= Adélaïde Moundélé-Ngollo =

Republic of the Congo politician (born 1944)

Yvonne Adélaïde Moundélé-Ngollo (born 1944) is a Congolese politician who has served in the government of Congo-Brazzaville as Minister of Small and Medium-Sized Enterprises since 2007. She was previously Director-General of Hydro-Congo from 1998 to 1999 and Minister of Trade from 2002 to 2007.

==Political career==
Moundélé-Ngollo was born in Brazzaville. She is the daughter of Édouard Mougany, who was a member of the National Assembly and an ally of President Fulbert Youlou. Her first husband was Ange Diawara, a military officer and early leader of the Congolese Labour Party (PCT), who was executed in 1973 for his role in the 1972 coup plot. She later married another politician, Benoît Moundélé-Ngollo, who served as a government minister, as Mayor of Brazzaville, and as Prefect of Brazzaville.

After holding high-level posts at Hydro-Congo, the national oil exploration and exploitation company (including serving as Director of the Department of Studies and Planning from 1986 to 1994), Moundélé-Ngollo was an Adviser to the Minister of Hydrocarbons from 1994 to 1998. She also attended the United Nations Fourth World Conference on Women as a delegate from Congo-Brazzaville in September 1995. Moundélé-Ngollo was the Director-General of Hydro-Congo from December 1998 to December 1999. She later became a member of the National Executive Bureau of Club 2002, which supports President Denis Sassou Nguesso and is led by his nephew, Willy Sassou Nguesso.

After the May-June 2002 parliamentary election, Moundélé-Ngollo was appointed as Minister of Trade, Consumption, and Supplies on 18 August 2002, and she succeeded Pierre-Damien Boussoukou Boumba in that position on 21 August. In late 2002 and early 2003, she played a key role in peace initiatives regarding the Ninja rebellion, led by Pasteur Ntoumi; a peace agreement was signed on 17 March 2003, and she became a member of the Monitoring Committee of the Convention for Peace and National Reconstruction.

In the June-August 2007 parliamentary election, Moundélé-Ngollo was elected to the National Assembly as the Club 2002 candidate in the first constituency of Mindouli, located in the Pool Region. After placing second with 42.10% of the vote in the first round, she faced Congolese Movement for Democracy and Integral Development (MCDDI) candidate Jean-Claude Massoba in the second round and won the seat. After the election, she was moved from her position as Minister of Trade, Consumption, and Supplies to that of Minister of Small and Medium-Sized Enterprises, in charge of the Craft Industry, on 30 December 2007. Her alternate, Auguste Mpassi-Mouba, took up her seat in the National Assembly.

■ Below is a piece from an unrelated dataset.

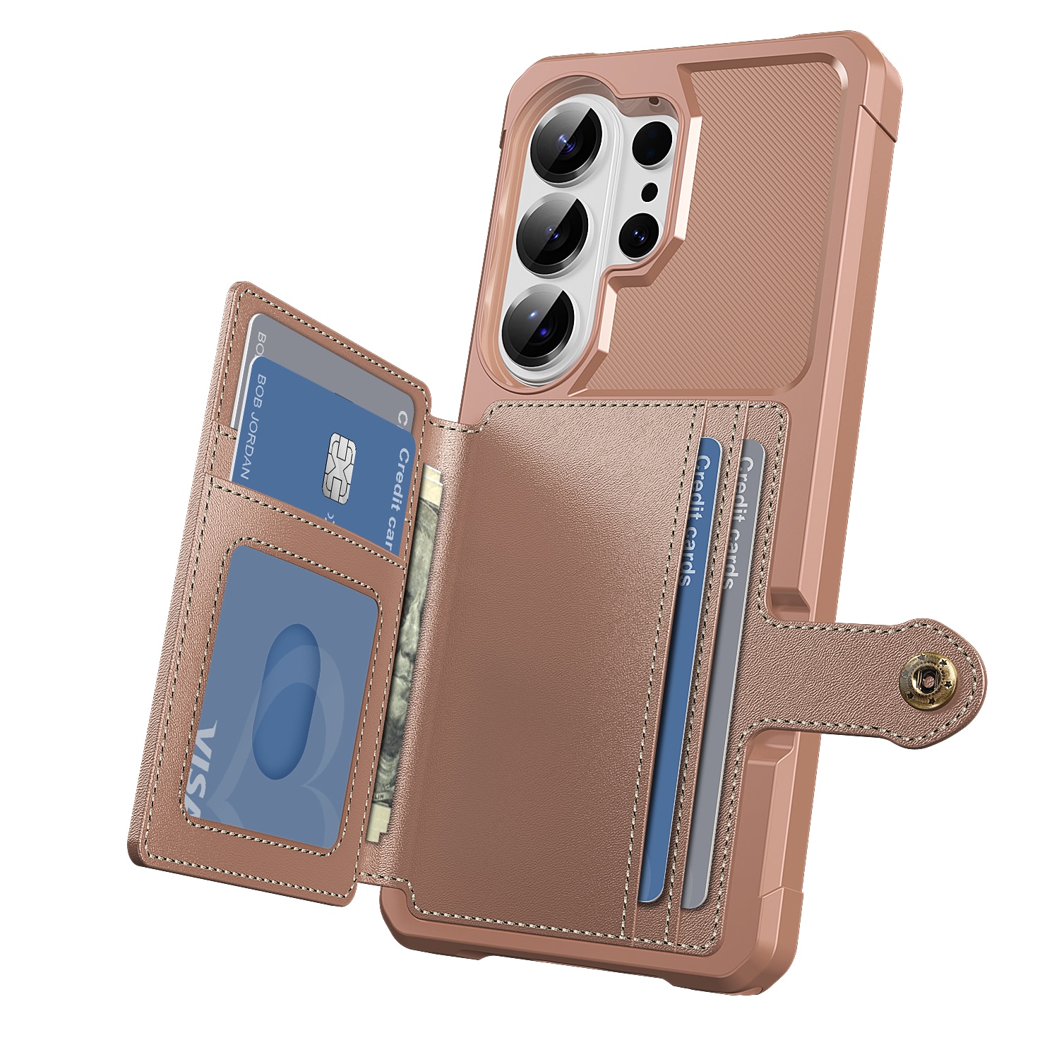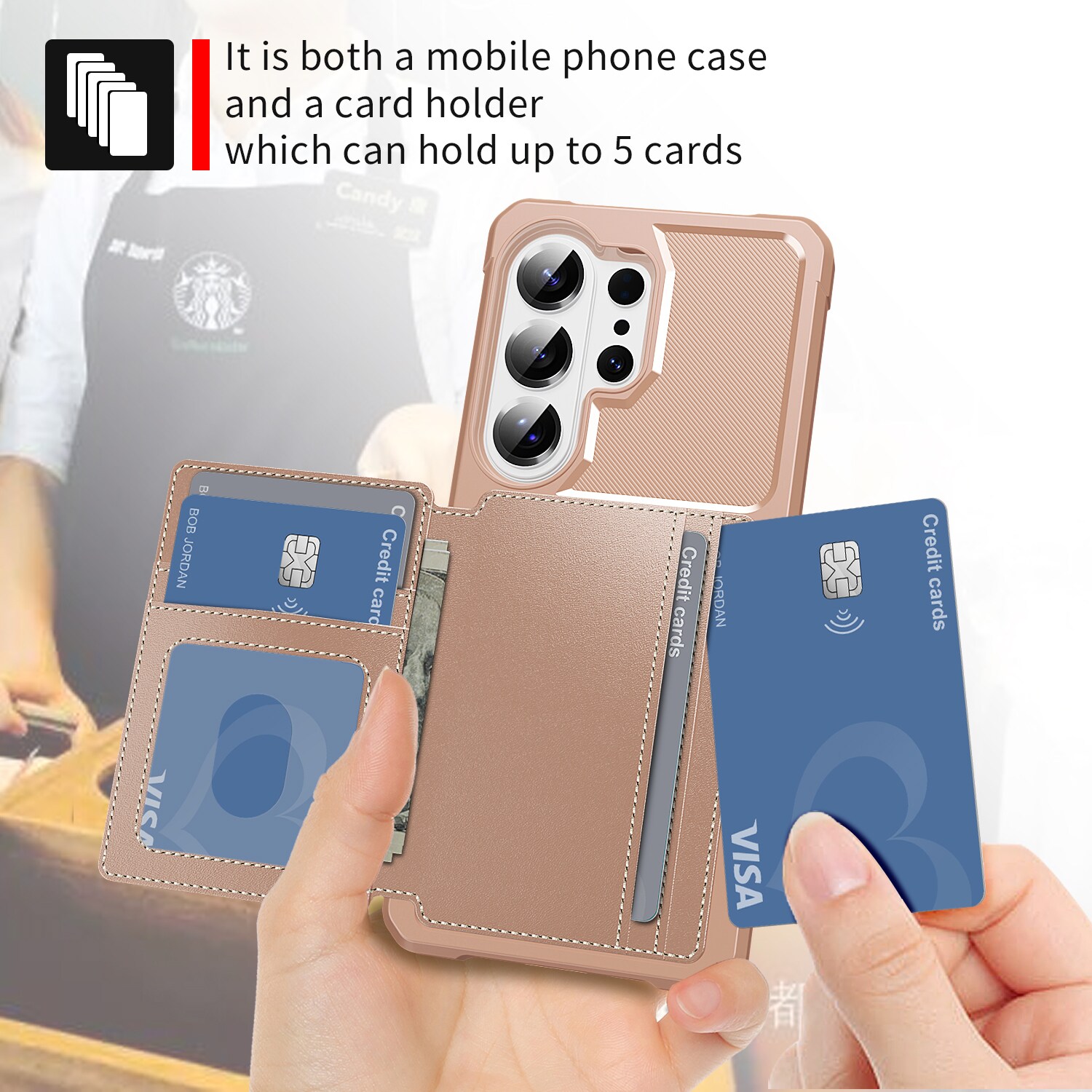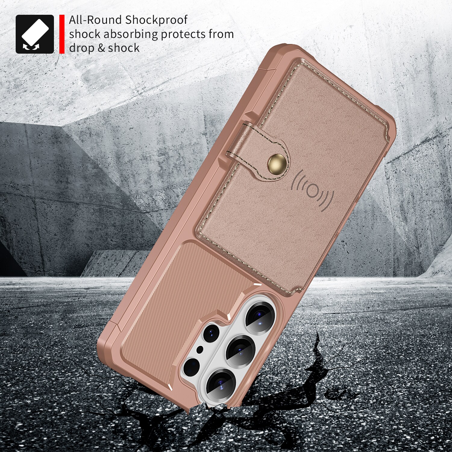 Stødabsorberende mobilcover med skjult kortholder på bagsiden. Coveret har et flot design og forstærkede hjørner for den bedste beskyttelse.

Mpassi-Mouba died on 16 October 2009, thereby leaving the seat for Mindouli 1 vacant. To resume her seat in the National Assembly, it would have been necessary for Moundélé-Ngollo to resign from the government, and she apparently did not want to do so; consequently, a by-election was called for July 2010 to replace Mpassi-Mouba. Constitutionally, the matter was considered somewhat unclear, as the by-election was being called to replace an alternate while the titular deputy was still alive. Moundélé-Ngollo stood again as a candidate in the by-election; because it was understood that she would remain in the government, her alternate was effectively the real candidate.